Let's all give a great welcome to our newest Moderator: *BTARoofing*!

He will be helping us keep the site clean and tidy by removing spam and taking care of reported posts. Keep in mind that he will also be enforcing our Site Rules so keep an eye out for that.

With that, I say, "Welcome" to our newest Moderator!


----------



## Grumpy (Oct 29, 2008)

BTA Roofing, I look forward to pissing you off.


----------



## 1985gt (Dec 21, 2010)

hahaha sucker!


I mean congratulations!


----------



## BTARoofing (Apr 10, 2013)

Lol, looking forward to the headaches!


----------



## roofermann (Jul 7, 2012)

Get to work! This place is over run with spam


----------



## Juan M (Jun 11, 2012)

roofermann said:


> Get to work! This place is over run with spam


Please continue to report the spam you see and I'll delete it. Our mod has been MIA....if you would like to help out, let me know.


----------



## 1985gt (Dec 21, 2010)

No offense but the whole group of people who use to post have been MIA. The spam got to be to much and very few people stuck around.


----------



## Juan M (Jun 11, 2012)

No offense taken. 

We're clearing out the spam and have most of the issues under control.


----------



## roofermann (Jul 7, 2012)

I'm the new guy, and I hate spam posts! Enjoy.:thumbup:


----------



## roofermann (Jul 7, 2012)

Grumpy said:


> BTA Roofing, I look forward to pissing you off.
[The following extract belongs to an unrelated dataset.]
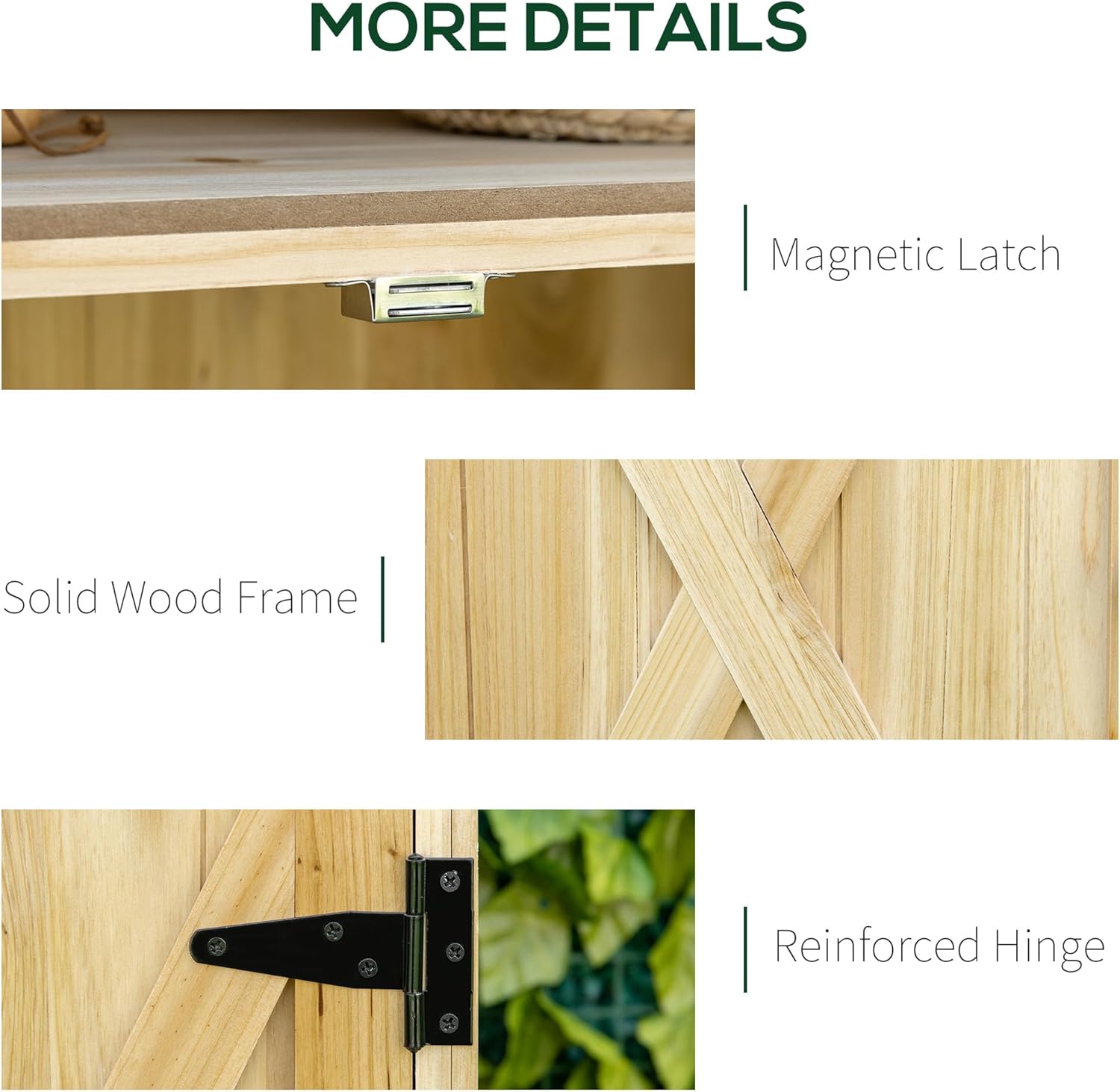 - Farmhouse Aesthetic: With its charming X-bar farmhouse style doors and natural wood finish, this Wooden Garden Shed adds a rustic touch to your garden, lawn, or garage, enhancing the overall aesthetic of your outdoor space.

Having reviewed your past postings, I really doubt you'll "piss me off". Just be nice to HO's with (to us) silly questions. Roofers have a rep for being rude bastards already. Enjoy!:thumbup:


----------



## Gutter_Supply (Apr 2, 2013)

Welcome. Yeah, please stop the spam... I am not interested in buying purses.


----------



## roofermann (Jul 7, 2012)

Nor am I.


----------